WORK INSTRUCTION.
Please give the whole listing again word for word, and drop any pictures it holds.

DATA SEGMENT.
☆ ☆ ☆ ☆
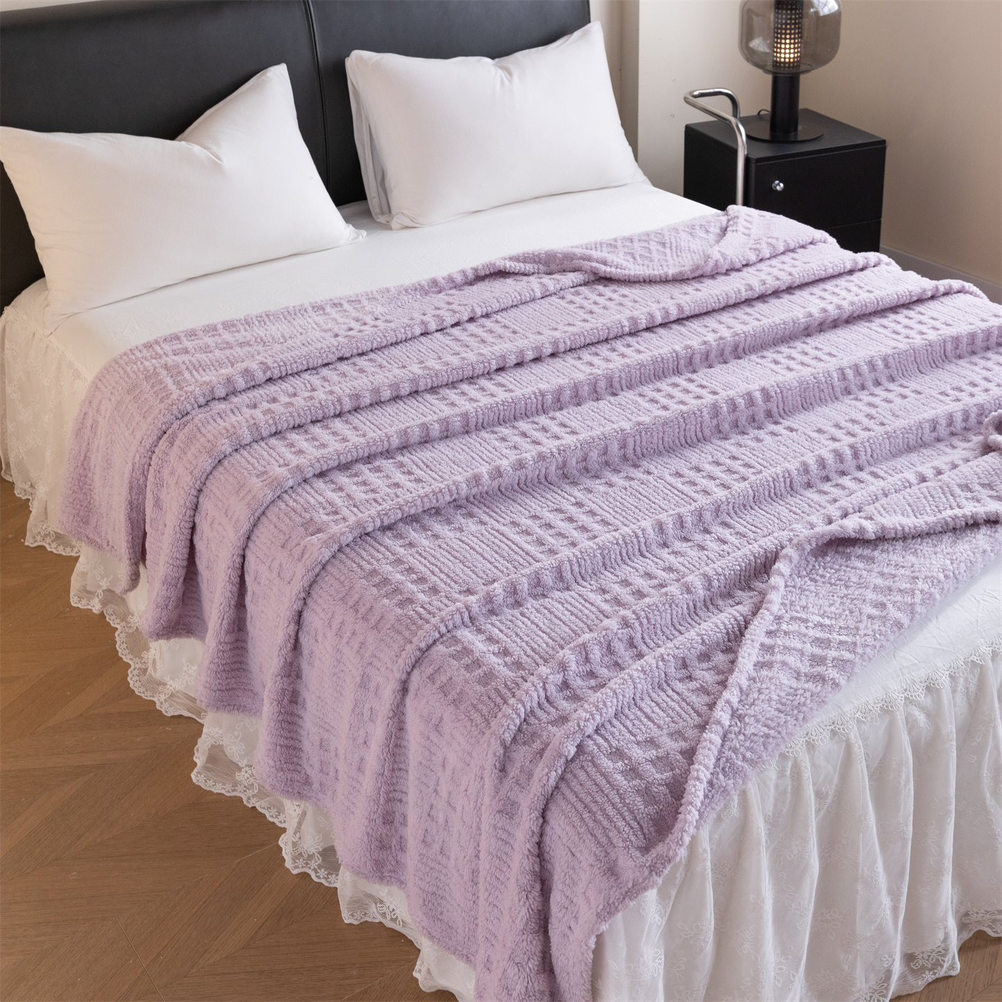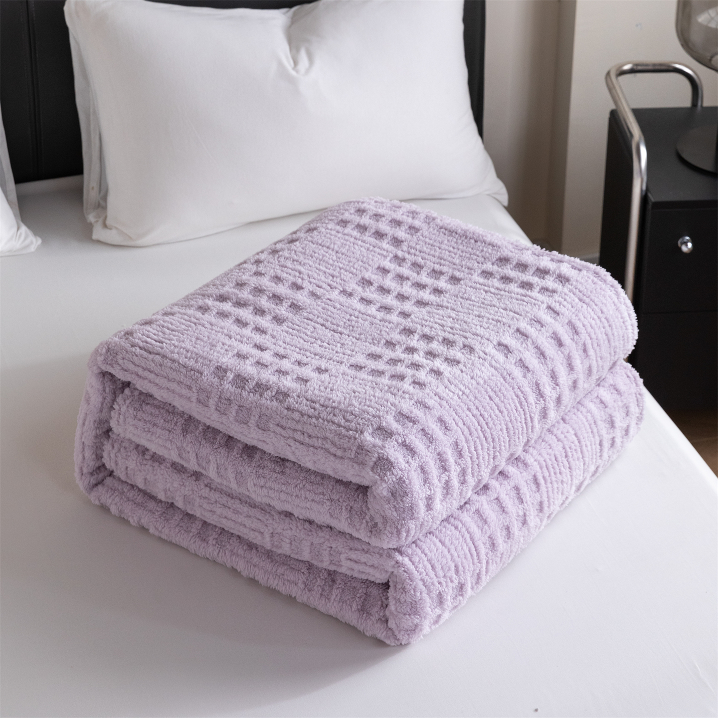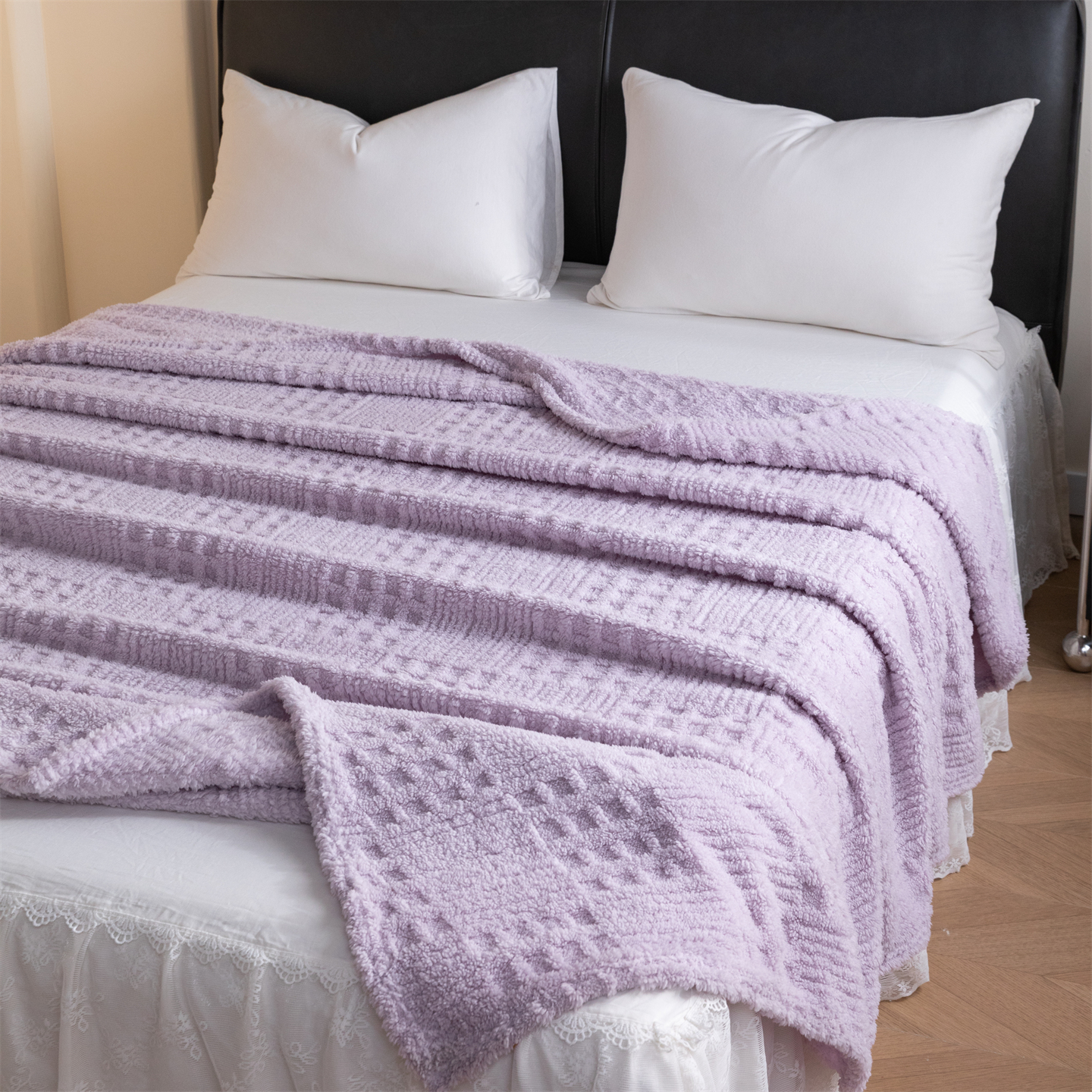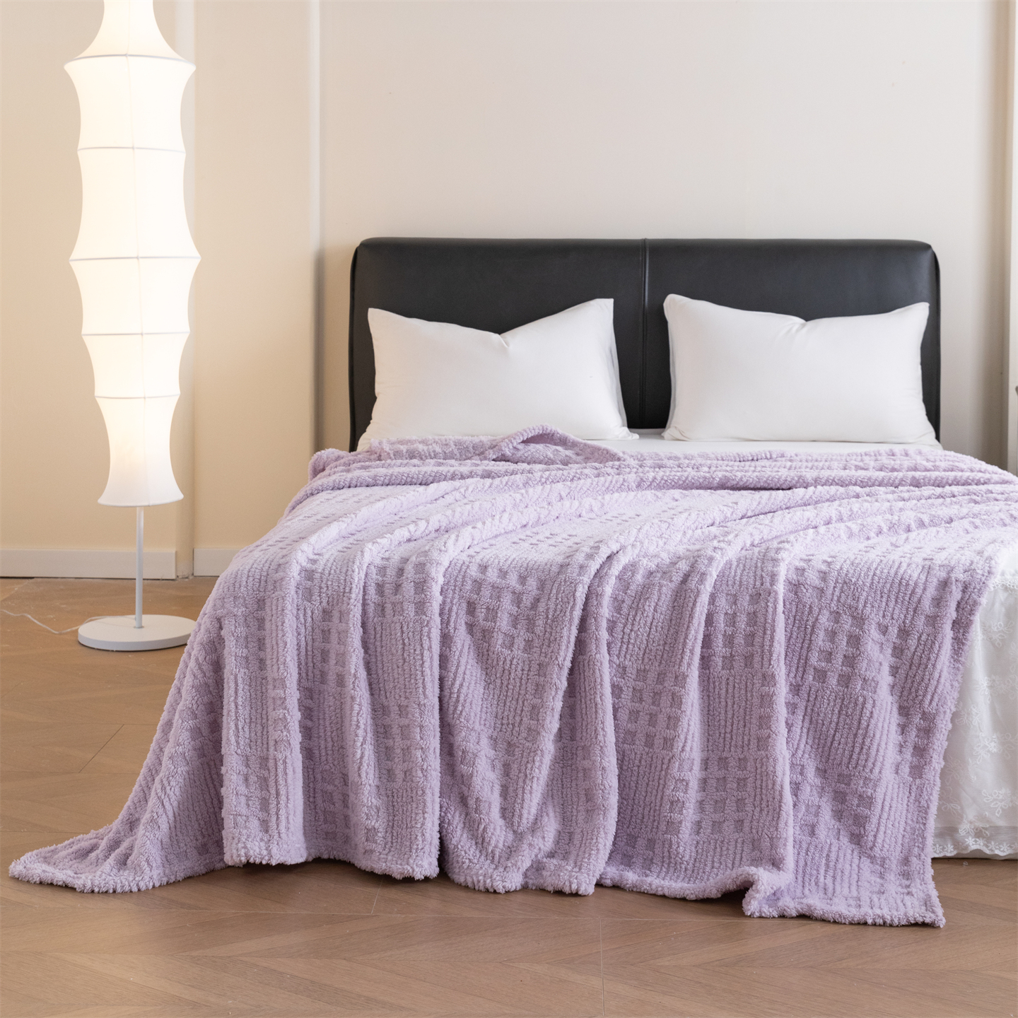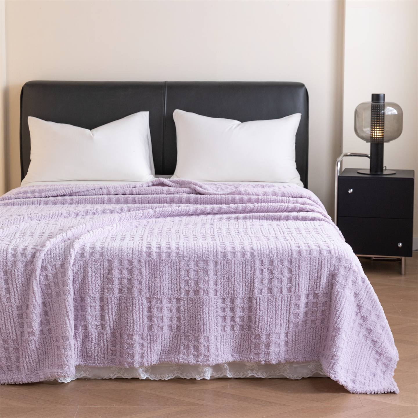梵心家纺 2025新款塔芙绒纯色华夫格提花毛毯多功能舒棉绒盖毯午睡毛毯-跨境电商 华夫格-紫色
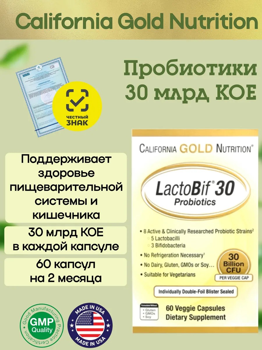| Полное наименование товара | Lactobif 30 California Gold Nutrition 60 caps |
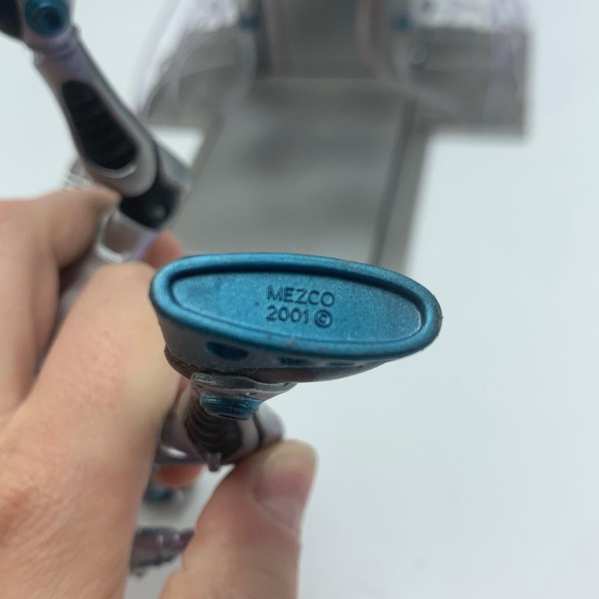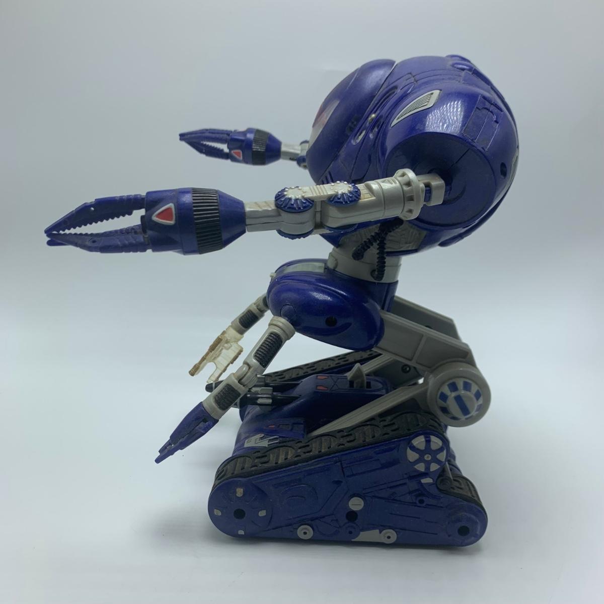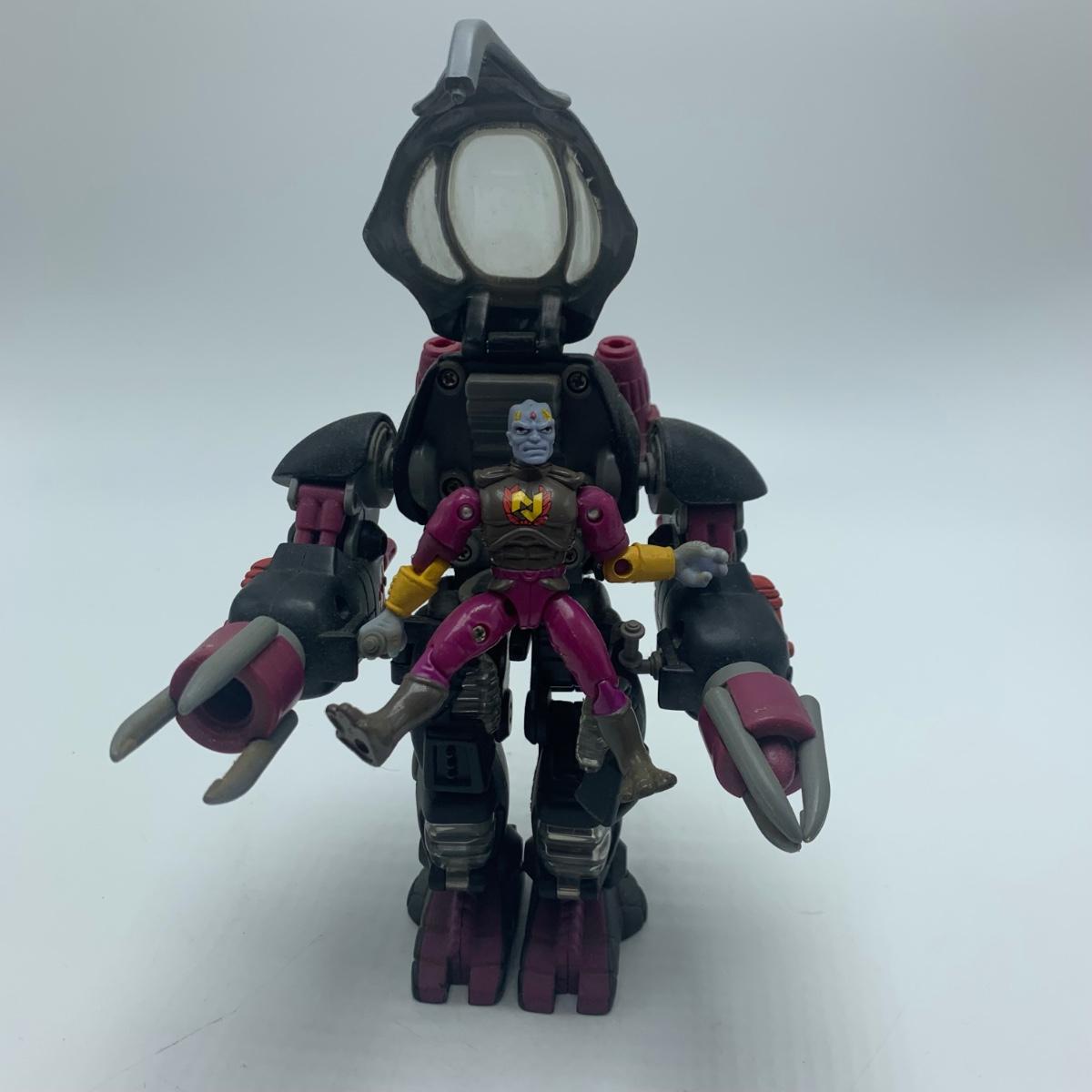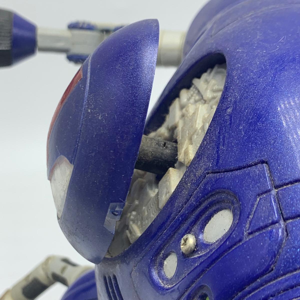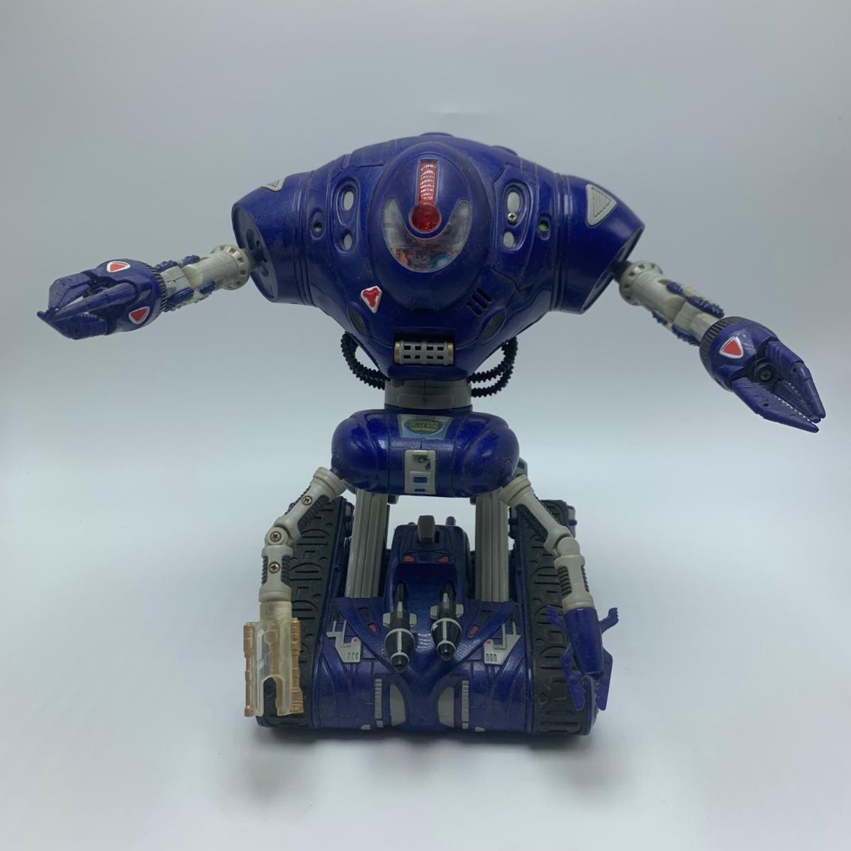 A variety of seven robot action figures. Featuring Maria from Metropolis, Phaeton from Exo Squad, Cyberman from Dr. Who, the Iron Giant, Cylon Centurion from Battlestar Galactica, and a robot from Lost in Space. The Lost in Space is the largest at 8” x 8” x 9”H. All items are plastic. The electronic items did not power on and likely need new batteries.
☆ ☆ ☆ ☆
EXERCISE ANSWER.
梵心家纺 2025新款塔芙绒纯色华夫格提花毛毯多功能舒棉绒盖毯午睡毛毯-跨境电商 华夫格-紫色
| Полное наименование товара | Lactobif 30 California Gold Nutrition 60 caps |
 A variety of seven robot action figures. Featuring Maria from Metropolis, Phaeton from Exo Squad, Cyberman from Dr. Who, the Iron Giant, Cylon Centurion from Battlestar Galactica, and a robot from Lost in Space. The Lost in Space is the largest at 8” x 8” x 9”H. All items are plastic. The electronic items did not power on and likely need new batteries.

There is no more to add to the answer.